╭─ Data for processing
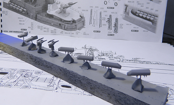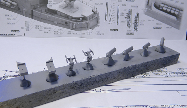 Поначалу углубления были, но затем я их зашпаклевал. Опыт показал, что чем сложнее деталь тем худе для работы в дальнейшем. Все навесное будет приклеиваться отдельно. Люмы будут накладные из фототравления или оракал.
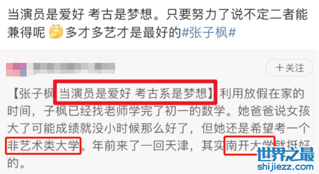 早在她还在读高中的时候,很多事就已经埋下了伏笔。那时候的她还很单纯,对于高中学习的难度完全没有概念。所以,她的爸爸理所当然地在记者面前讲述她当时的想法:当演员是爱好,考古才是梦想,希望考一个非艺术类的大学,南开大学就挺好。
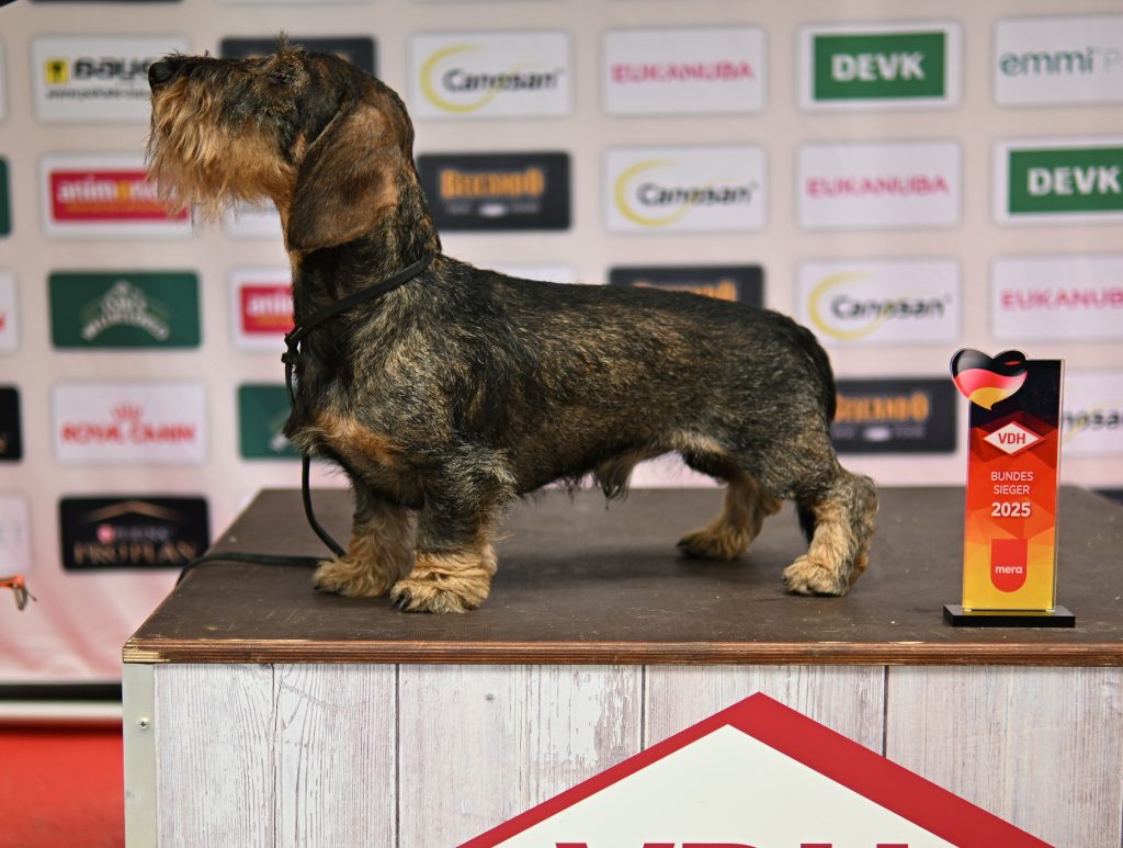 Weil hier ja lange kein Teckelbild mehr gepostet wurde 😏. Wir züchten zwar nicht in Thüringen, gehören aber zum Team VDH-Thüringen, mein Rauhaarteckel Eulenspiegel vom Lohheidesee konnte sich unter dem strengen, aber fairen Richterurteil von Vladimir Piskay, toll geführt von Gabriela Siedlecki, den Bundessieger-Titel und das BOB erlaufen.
╰─
╭─ Data for processing
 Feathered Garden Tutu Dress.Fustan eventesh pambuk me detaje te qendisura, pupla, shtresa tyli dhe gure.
╰─
╭─ Data for processing
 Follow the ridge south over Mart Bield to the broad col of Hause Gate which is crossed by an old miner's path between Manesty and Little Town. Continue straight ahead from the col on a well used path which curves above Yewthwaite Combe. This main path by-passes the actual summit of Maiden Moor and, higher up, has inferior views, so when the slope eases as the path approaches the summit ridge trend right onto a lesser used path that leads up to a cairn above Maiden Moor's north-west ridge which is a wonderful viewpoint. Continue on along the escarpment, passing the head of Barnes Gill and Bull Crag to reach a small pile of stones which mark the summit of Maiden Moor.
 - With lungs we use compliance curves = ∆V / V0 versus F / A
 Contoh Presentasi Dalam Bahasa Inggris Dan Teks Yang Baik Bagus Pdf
╰─
* What is needed: The word "curves" is the filter: copy every line of the listing above that contains it.

* Result:
 Follow the ridge south over Mart Bield to the broad col of Hause Gate which is crossed by an old miner's path between Manesty and Little Town. Continue straight ahead from the col on a well used path which curves above Yewthwaite Combe. This main path by-passes the actual summit of Maiden Moor and, higher up, has inferior views, so when the slope eases as the path approaches the summit ridge trend right onto a lesser used path that leads up to a cairn above Maiden Moor's north-west ridge which is a wonderful viewpoint. Continue on along the escarpment, passing the head of Barnes Gill and Bull Crag to reach a small pile of stones which mark the summit of Maiden Moor.
 - With lungs we use compliance curves = ∆V / V0 versus F / A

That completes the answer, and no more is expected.